TASK INPUT:
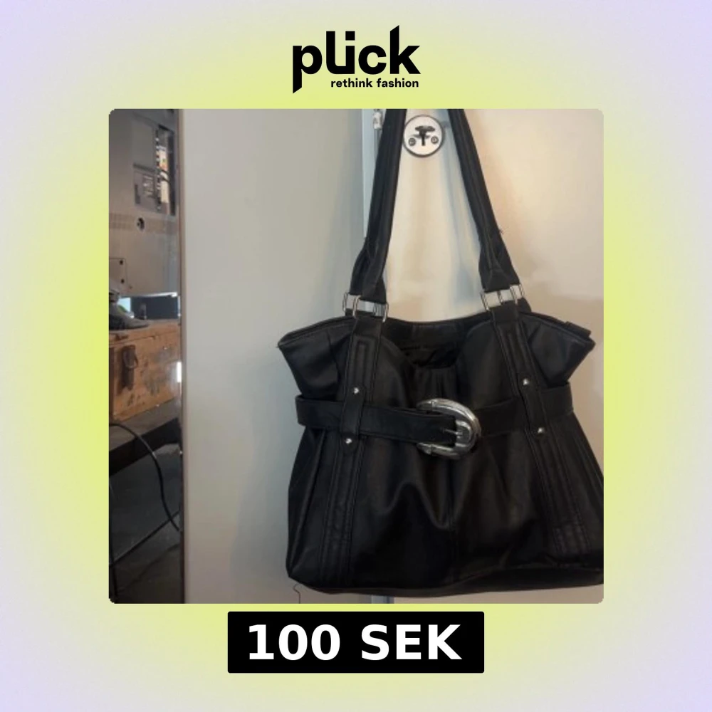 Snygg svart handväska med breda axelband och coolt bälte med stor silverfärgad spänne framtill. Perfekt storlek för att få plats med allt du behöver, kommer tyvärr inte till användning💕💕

...

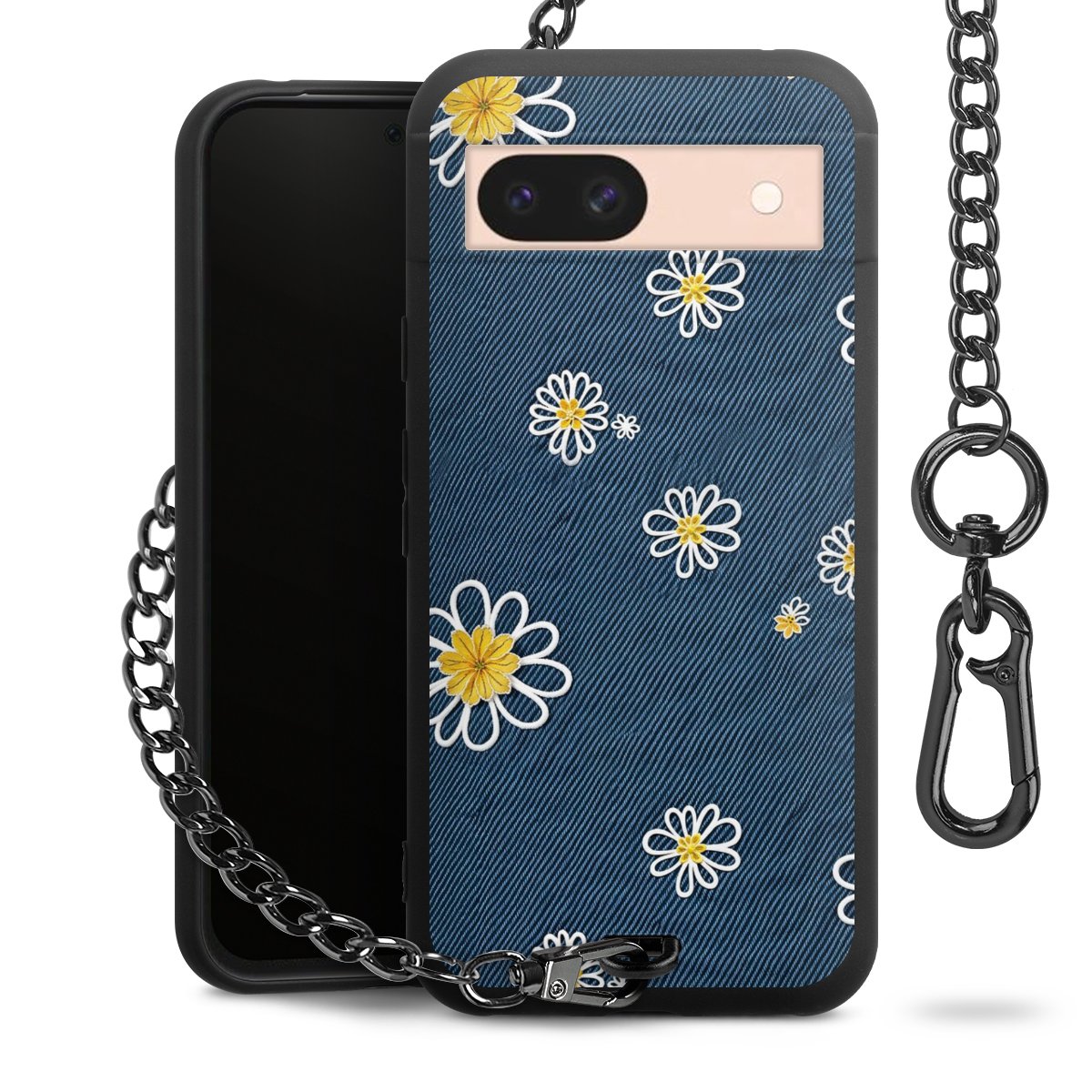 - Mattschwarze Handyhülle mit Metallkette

...

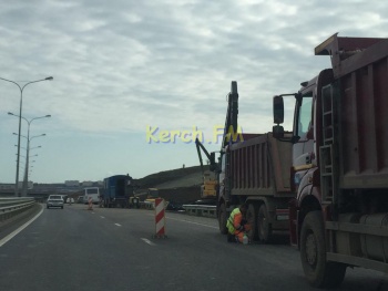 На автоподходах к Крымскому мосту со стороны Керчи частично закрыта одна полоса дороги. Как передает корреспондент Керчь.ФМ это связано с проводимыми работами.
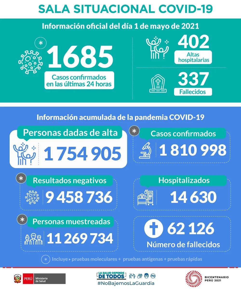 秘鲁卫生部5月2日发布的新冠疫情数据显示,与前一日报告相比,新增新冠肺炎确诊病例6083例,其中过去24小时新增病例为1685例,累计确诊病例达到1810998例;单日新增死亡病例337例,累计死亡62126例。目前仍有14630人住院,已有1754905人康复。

TO DO:
Print everything from the line with "На автоподходах к" down to the line with "秘鲁卫生部5月2日发布的新冠" in the entries above, both lines included and nothing more, without the pictures.

SOLUTION FOR THIS EXERCISE:
 На автоподходах к Крымскому мосту со стороны Керчи частично закрыта одна полоса дороги. Как передает корреспондент Керчь.ФМ это связано с проводимыми работами.
 秘鲁卫生部5月2日发布的新冠疫情数据显示,与前一日报告相比,新增新冠肺炎确诊病例6083例,其中过去24小时新增病例为1685例,累计确诊病例达到1810998例;单日新增死亡病例337例,累计死亡62126例。目前仍有14630人住院,已有1754905人康复。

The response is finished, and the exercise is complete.